May 2 2014
By Eleanor McDermid, Senior medwireNews Reporter
Researchers have generated an equation to estimate the probable life expectancies of patients with diabetes who experience a major complication.
“The equation is based on age, sex and commonly collected clinical information and thereby provides further stratification of a patient’s prognosis after the occurrence of a life-threatening event”, study author Philip Clarke (University of Melbourne, Victoria, Australia) and co-workers write in Diabetic Medicine.
They used data from 20,836 patients in the Swedish National Diabetes Register who were assessed during at least one clinic visit prior to having a major complication: myocardial infarction; stroke; heart failure; amputation or renal failure.
Life expectancy varied according to the specific complication and time since the event, with myocardial infarction and stroke imparting the highest mortality risk in the first week after the event, but heart failure, amputation and renal failure predominating after 1 month.

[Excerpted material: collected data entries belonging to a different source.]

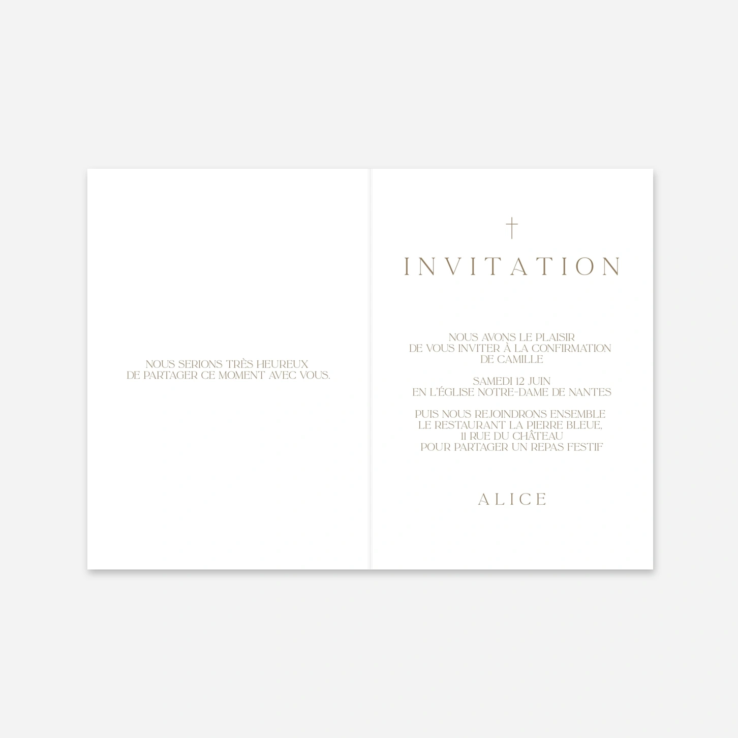 Annoncez cette belle étape de vie avec une élégance lumineuse grâce à l’invitation de confirmation « Tendre bénédiction ». Son format photo plein cadre met en lumière le plus beau portrait de votre enfant, créant un souvenir précieux et personnel pour votre entourage. Toutes nos créations sont imaginées en interne par nos designers pour offrir à vos événements une signature unique et soignée. Nous assurons une impression haute précision dans nos propres ateliers afin de garantir un rendu éclatant à vos clichés. Personnalisez facilement votre texte et vos photos en ligne pour convier vos proches à ce moment empreint de sérénité.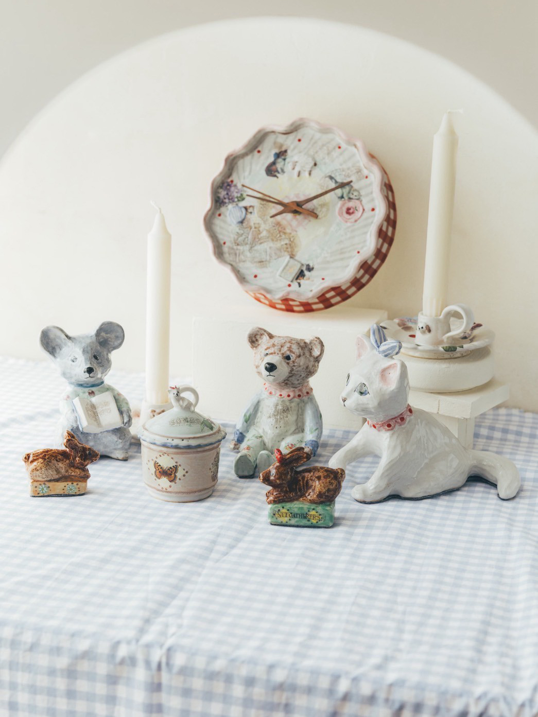 静かな森の村で、日々の暮らしや自然の風景を器に映すように制作しています。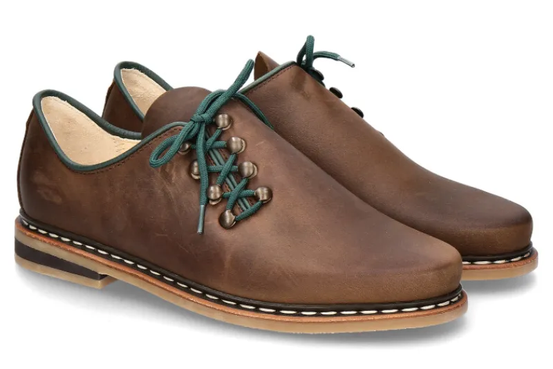 Der Meindl Herren-Trachtenschuh Anschoering ist ein hochwertiger Lederschuh, der traditionelles Design und modernes Schuhhandwerk vereint. Gefertigt aus edlem Boxcalf Leder in einem klassischen Braunton, ist dieser Schuh nicht nur optisch ansprechend, sondern auch langlebig. Das Innenfutter aus Leder sorgt für ein angenehmes Tragegefühl und gute Atmungsaktivität, ideal für lange Tragezeiten bei Festen oder im Alltag. Die helle Gummisohle bietet hervorragenden Halt auf verschiedenen Untergründen und sorgt für zusätzlichen Tragekomfort. Mit seiner rustikalen Optik passt der Schuh perfekt zu Trachtenoutfits wie Lederhosen oder traditionellen Anzügen, kann aber auch im Freizeitbereich stilvoll kombiniert werden. Der Meindl Anschoering steht für Qualität, Tradition und zeitlosen Stil – ein Must-have für Trachtenliebhaber.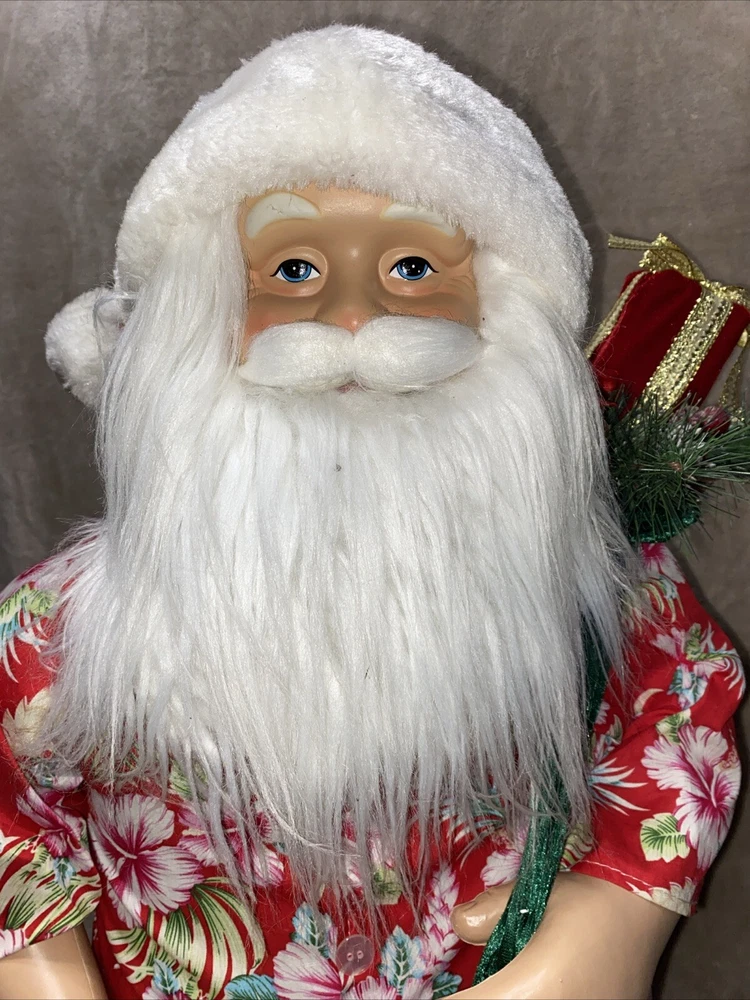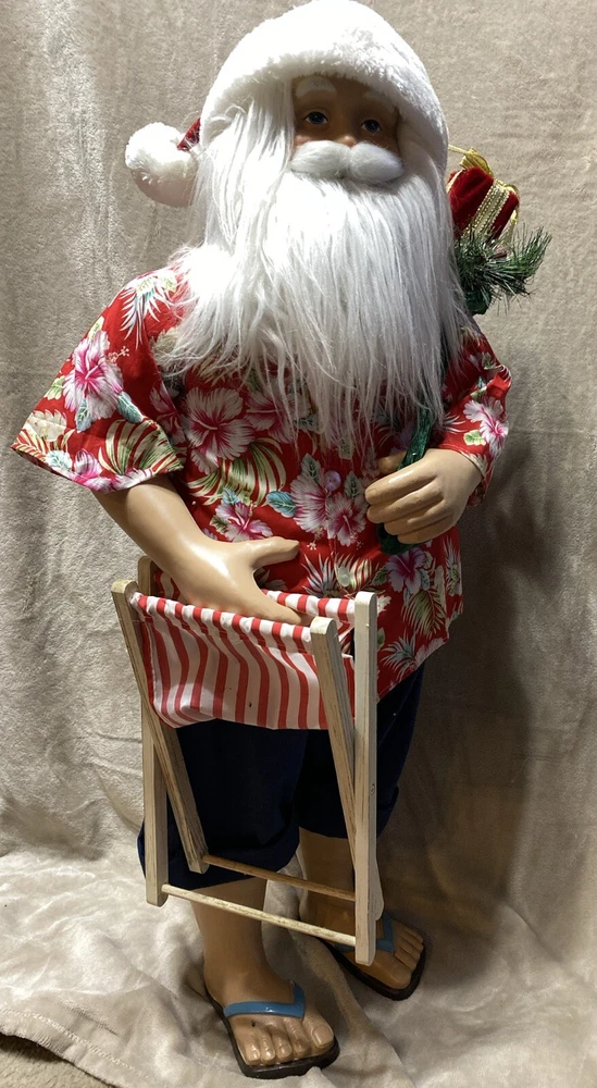 Beach Santa Claus 36” store display / greeter. He’s adorable and very well made. Wearing a Hawaiian shirt and carrying his sack of presents and his beach chair. Wearing his Santa hat and sunglasses can easily be added. Note the small spot on one of his feet. Other than that, no imperfections I see. Store Display Light weight not heavy Chair movable folds out Super cool display for office business Home school Great Christmas present Birthday gift Surf shop Surfer Beach home Resort Tropica Red and white striped Beach chair

In general, a patient experiencing one of these complications at the age of 70 years could expect to live about 3 years after renal failure, rising to about 6 years after a stroke.

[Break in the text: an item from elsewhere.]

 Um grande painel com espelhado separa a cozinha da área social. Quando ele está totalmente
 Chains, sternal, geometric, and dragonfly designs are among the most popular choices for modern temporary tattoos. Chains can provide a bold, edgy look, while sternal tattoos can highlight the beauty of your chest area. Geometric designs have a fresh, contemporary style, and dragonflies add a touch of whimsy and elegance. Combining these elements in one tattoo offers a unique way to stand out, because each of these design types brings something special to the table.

Notably, life expectancy was not influenced by the “classic” risk factors of high body mass index (BMI), systolic blood pressure or glycated haemoglobin levels.
Instead, smoking and macroalbuminuria had the strongest adverse effect on life expectancy, with other significant factors including male gender, low estimated glomerular filtration rate, low BMI and low systolic blood pressure.
As a specific example, the team says that a 70-year-old man with an average risk factor profile could expect to live for 6.7 years after a myocardial infarction. Smoking would take about 2 years off this life expectancy and having macroalbuminuria would reduce it by 0.7 years, with other factors having smaller effects.
The researchers say that their equation “could be programmed into a life expectancy or mortality calculator to provide information on prognosis for both doctor and patient.”
In addition, they say that the ability to calculate life expectancy with greater accuracy would also assist the calculation of annuities and life insurance for diabetes patients, “which have been shown often to be actuarily unfair” and would help in simulation models to evaluate diabetes treatments.